→ Records provided:
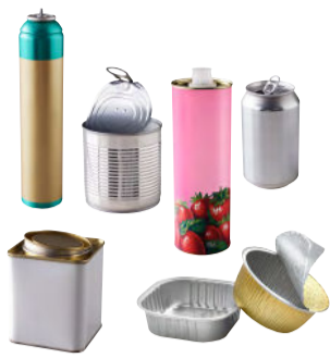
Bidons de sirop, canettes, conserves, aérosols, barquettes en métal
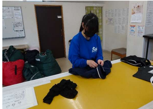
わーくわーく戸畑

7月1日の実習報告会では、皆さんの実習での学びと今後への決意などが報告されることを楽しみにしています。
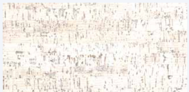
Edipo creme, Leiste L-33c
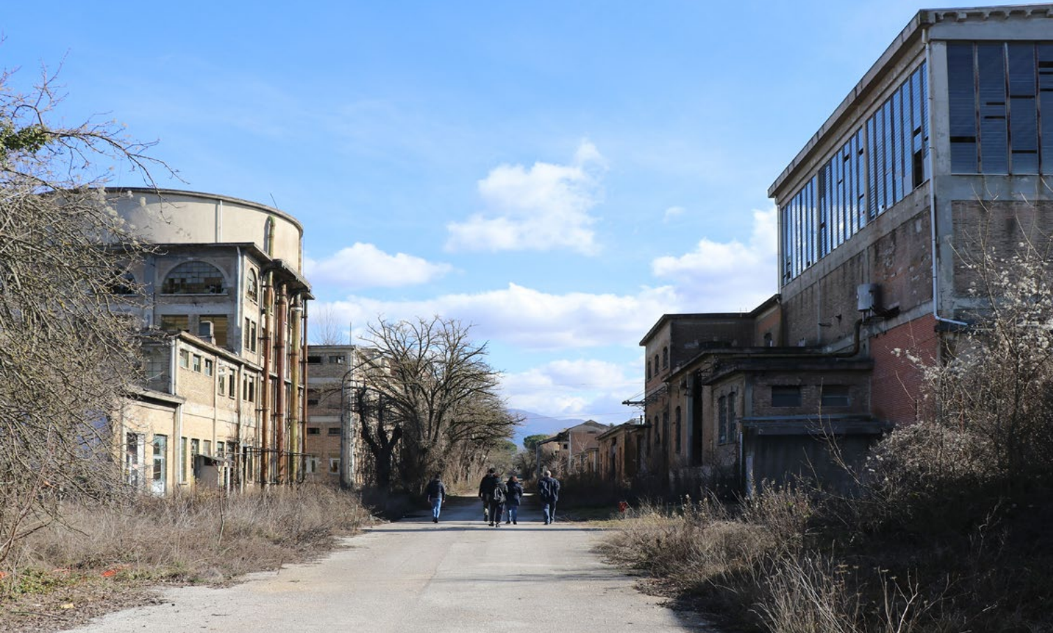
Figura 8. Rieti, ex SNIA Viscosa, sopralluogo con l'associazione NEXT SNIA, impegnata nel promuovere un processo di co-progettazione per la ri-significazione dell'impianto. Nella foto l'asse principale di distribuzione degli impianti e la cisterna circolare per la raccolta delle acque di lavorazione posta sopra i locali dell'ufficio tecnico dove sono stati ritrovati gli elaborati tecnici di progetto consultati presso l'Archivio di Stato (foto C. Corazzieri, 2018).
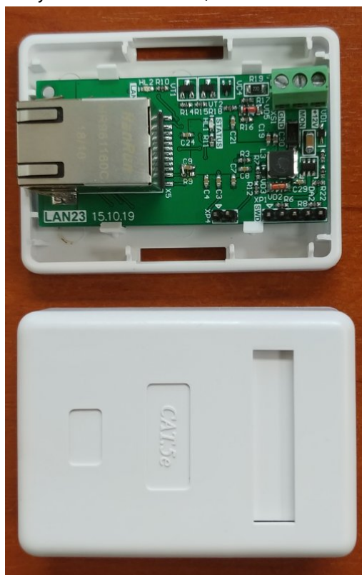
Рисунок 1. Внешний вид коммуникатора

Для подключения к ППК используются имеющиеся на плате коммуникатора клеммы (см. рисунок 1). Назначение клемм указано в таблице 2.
--
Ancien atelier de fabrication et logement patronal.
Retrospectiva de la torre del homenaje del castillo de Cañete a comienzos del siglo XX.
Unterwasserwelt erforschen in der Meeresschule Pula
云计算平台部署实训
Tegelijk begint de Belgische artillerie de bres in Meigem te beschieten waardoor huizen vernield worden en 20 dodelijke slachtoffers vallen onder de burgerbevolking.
* * *
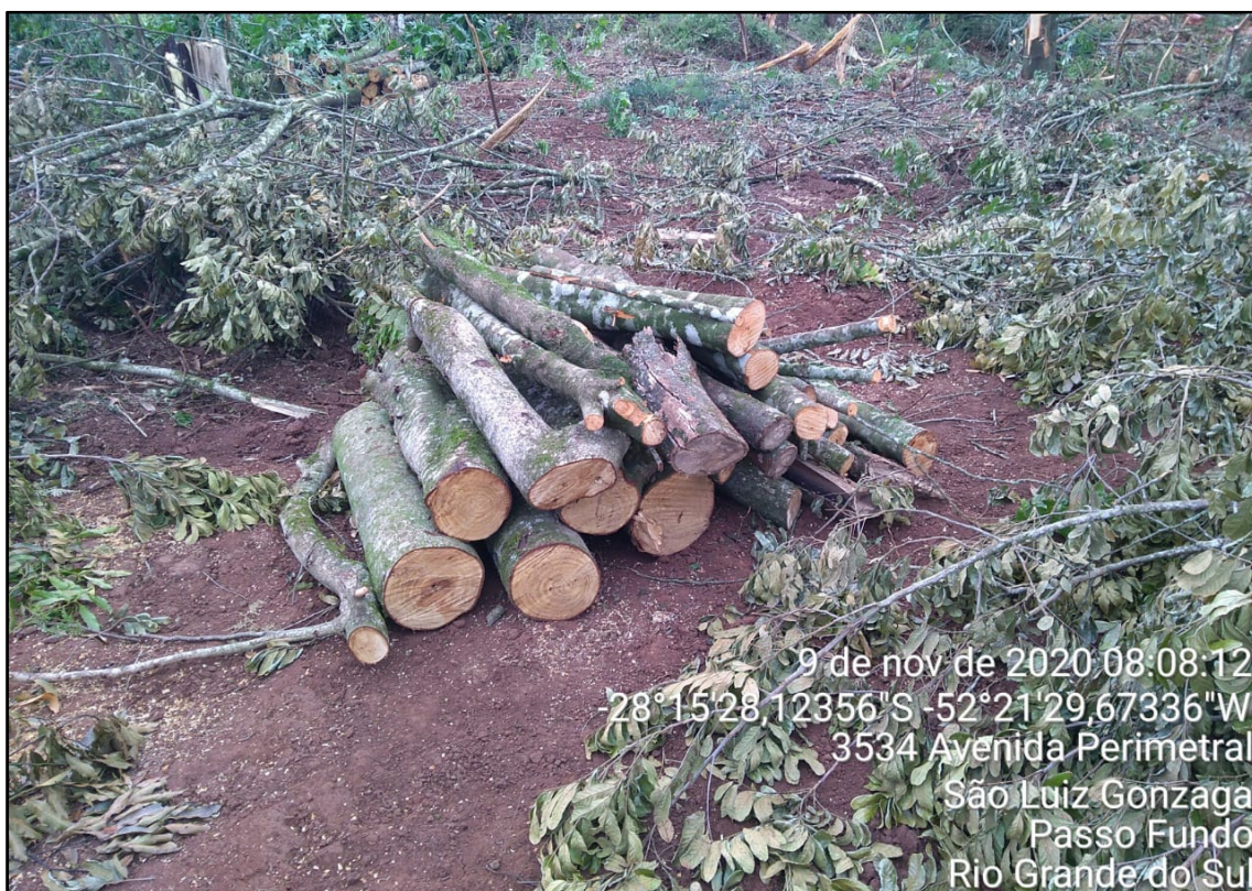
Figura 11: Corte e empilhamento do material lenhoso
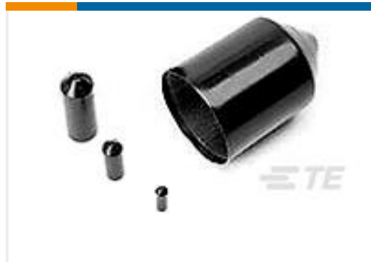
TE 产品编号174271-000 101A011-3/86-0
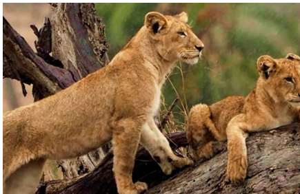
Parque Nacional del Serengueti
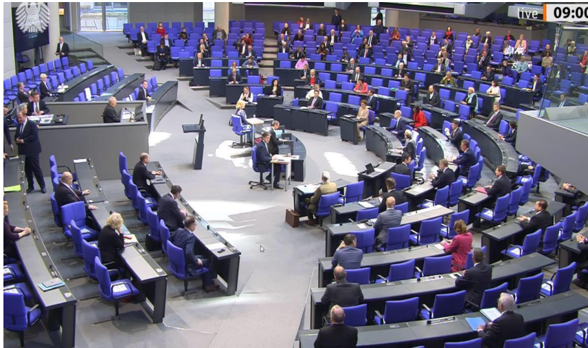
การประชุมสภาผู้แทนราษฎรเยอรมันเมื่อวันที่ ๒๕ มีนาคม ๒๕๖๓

→ Exercise details:
Scan the entries for lines with the string "Figura". Report only how many there are.

→ The completed task:
2